Seria tão natural, como a chuva que 20% da população mundial consumam
86,5% das energias fósseis e hidráulicas do planeta? Seria possível que o
mesmo nível de consumo fosse colocado à disposição de todos sem que
houvesse um gigantesco desastre ambiental, tão terrível quanto a
prolongada seca, ou tão arrasador quanto as enxurradas das enchentes?

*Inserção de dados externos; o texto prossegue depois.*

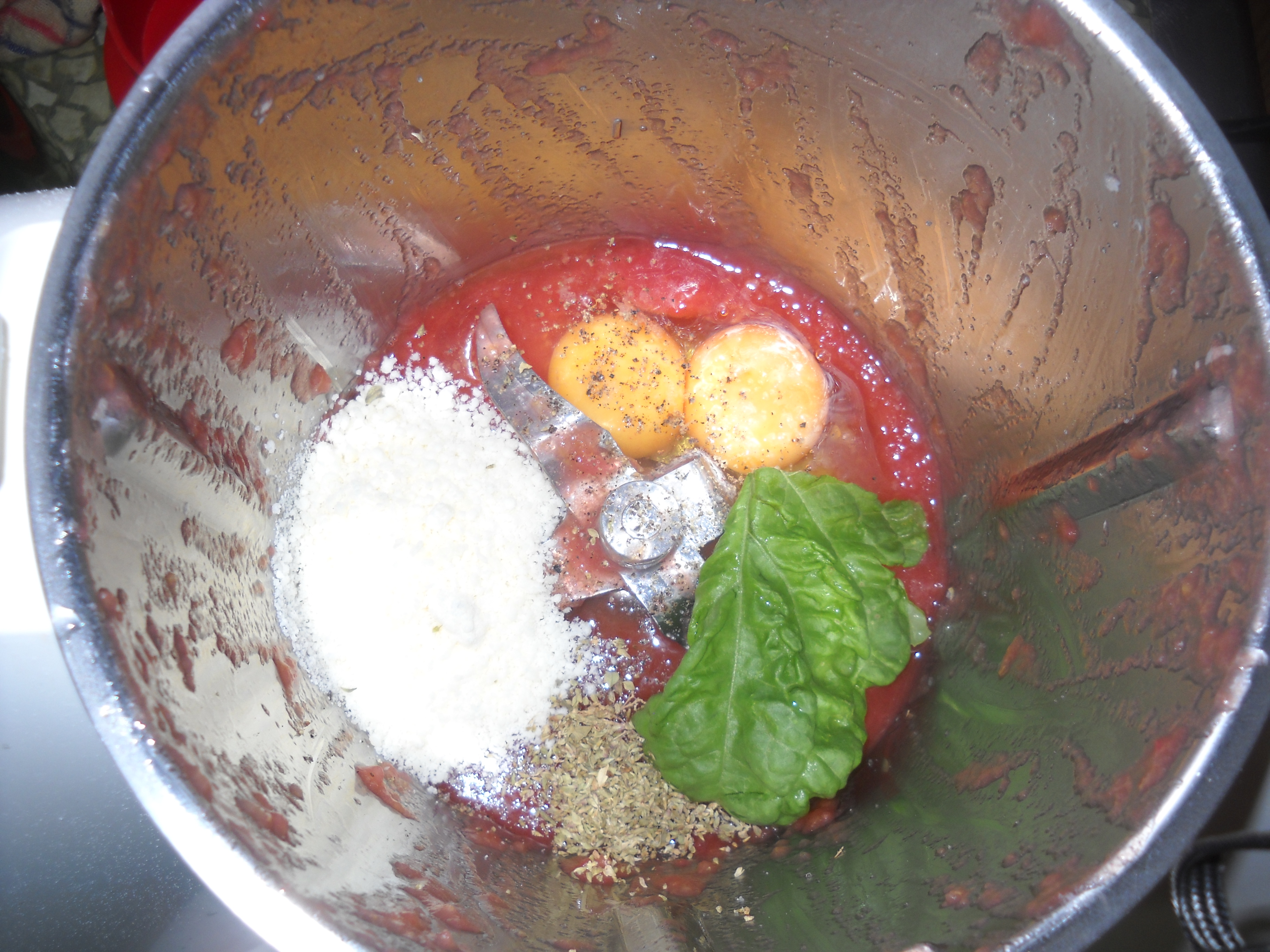 "coperchio chiuso" e frullare 15 sec vel 5; riunire sul fondo e aggiungere le uova, il formaggio gratt. sale e pepe, un pizzico di origano, il basilico e 2 cucchiai di pangrattato 1,30 min vel 4. - Preriscaldare il forno a 200°, spennellare gli stampini di olio e pangrattato versarvi dentro il composto.

Seria tão natural quanto a chuva que americanos e europeus gastem 17
milhões de dólares em alimentos para animais por ano, 4 milhões de
dólares a mais do que se necessita para promover a alimentação e saúde
básica para os que não possuem? Seria tão natural como o sol que 300
milhões de crianças ocupem postos de trabalhos forçados e outras 37.000
morram diariamente de pobreza relacionada à subnutrição e à ingestão de
águas contaminadas e resíduos tóxicos?
Depois de perguntas
tão chocantes podemos também perguntar: será que não existe ninguém que
esteja fazendo algo contra estas barbaridades existentes no mundo? Sim,
existe, mas nem sempre essas pessoas que lutam contra este estado de
coisas são vistas com bons olhos.
Nos dias de hoje, ouve-se muito a respeito dos movimentos sociais.

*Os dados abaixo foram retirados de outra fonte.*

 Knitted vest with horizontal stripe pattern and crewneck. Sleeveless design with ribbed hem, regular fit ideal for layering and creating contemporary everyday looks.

A mídia está sempre noticiando a respeito deles, seja, Sem-Terra,
Greepeace ou as ONGs "Anti-globalização". Mas o que são movimentos
sociais? O que pretendem? Por que surgem em diversos momentos
históricos? Como são constituídos?
Os movimentos sociais estiveram e
estão presentes em toda a história de todas as sociedades. Temos que
compreendê-los como um fenômeno essencial, porque são resultados de um
"conflito" que gera, consequentemente, mudanças sociais. Ao mesmo tempo,
tais movimentos geram transformações porque sujeitos ou grupos que não
concordam com determinada situação procuram maneiras de modificá-la.
Nesse
sentido, o conflito é o elemento gerador dos movimentos sociais. E por
que se chega a estes conflitos? Simplesmesnte porque, [...], as
sociedades não são homogêneas e se dividem a partir de certos interesses
de classe, gênero, etnia, raça ou, até mesmo, de orientação sexual e de
geração. Há sempre grupos de opressores e oprimidos, gerando uma
carência de bens materiais e culturais a determinados grupos.
A
partir disto, certos grupos sociais, que se sintam prejudicados, ou
oprimidos de alguma forma, vão se unir a fim de eliminar ou, ao menos,
amenizar a opressão. A essa união chamamos de ações coletivas.
É
necessário saber que os movimentos sociais possuem uma relação de
conflito com o Estado, pois, como vimos, nem sempre este satisfaz a
vontade coletiva, se restringindo à vontade daqueles que dominam os
recursos materiais da sociedade e aos seus interesses.
Enquanto os
movimentos sociais desejam modificações, mudanças, o Estado, na maioria
das vezes, deseja manter a ordem das coisas ou, como dizem os
especialistas, o status quo.
Um movimento social só tem
força quando possui uma proposta, ou seja, os fins que almeja alcançar.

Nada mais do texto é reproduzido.